2) Visual Grammar for Sign Design
The design and research program will evaluate the performance of various types of signs using psycho-physical techniques and other types of comparative study. This research will study legibility, understanding of content based on controlled exposure times that replicate glance reading. Variables will augment layouts to test how graphic devices enhance readability and understanding. These include:
- legibility index / size by font weight
- layout / word grouping
- content: words and symbols
- figure/field: determine minimum and optimal effective area
- chunking: grouping massages for glance reading.
- panel orientation: vertical / horizontal
A Representative Sample of Existing Regulatory and Warning Sign Panels in the MUTCD
A Comparative Sample of Regulatory and Warning Sign Panels Using Mixed Case Clearview Legends and Various Layout Techniques
3) Identify site-specific applications
Based on accident data and observation by participating cities, specific applications or groups of sign types can be refined or redesigned. These designs will use the performance data for typeface and specific layout techniques to create and test site-specific signs.

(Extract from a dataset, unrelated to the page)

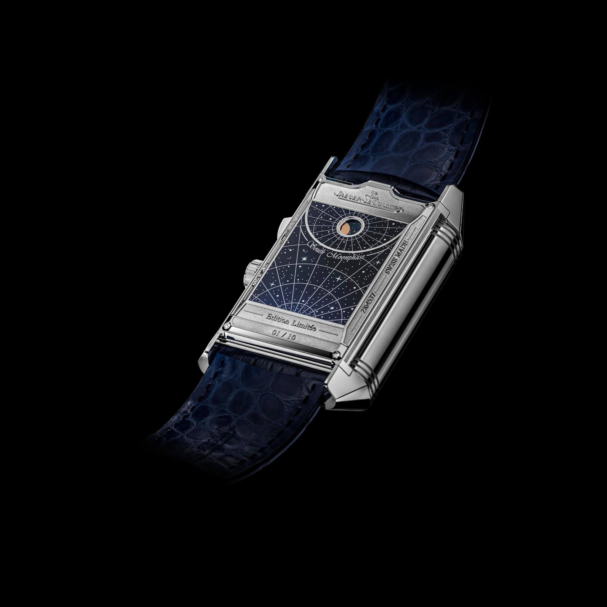 En la última cara del Quadriptyque, la cara exterior, se muestra una representación de las fases de la Luna en el Hemisferio Sur. La mayoría de las indicaciones de la fase lunar son de la perspectiva del hemisferio norte, y la visualización del Quadriptyque de la fase lunar del hemisferio sur en su cuarta cara es el cumplimiento del dualismo fundamental del Reverso. Un mapa del cielo salpicado de estrellas, grabado y lacado en un degradado de tonos azules forma el telón de fondo de la luna de oro rosa, todos los cuales se crean en el Atelier des Métiers Rares de Jaeger-LeCoultre.

In this illustration a right turn lane shifts to the right with bike lane crossing to the left. The suggested solution will be a site-specific application with unique target value to replace the current standard. In this crossover, the existing application is posted within the same city block that ends at the conflict area, leaving little time to respond. Accident data suggests that signing may be part of a solution to improve the safety of a crossover where advanced notice is displayed within a block to forewarn of a condition. This concept design, developed with the Portland, Oregon city traffic engineer, attempts to address the shared use condition with a conspicuous graphic that should enhance understanding and compliance.
Conclusion
It is envisioned that the results of the design and research process will identify performance criteria and enhanced designs for guide and traffic control devices. All roads, particularly urban and suburban roads and streets where traffic control devices and guide signs compete, should benefit from performance-based designs. This work could be completed with a team that includes traffic engineers, human factors research scientists, graphic designers with city traffic planners as advisors.
This proposed process should improve overall safety of motorists, cyclists, and pedestrians alike. A standard supporting greater harmonization, efficiencies in design and sign management would enhance uniformity to the Manual on Uniform Traffic Control Devices.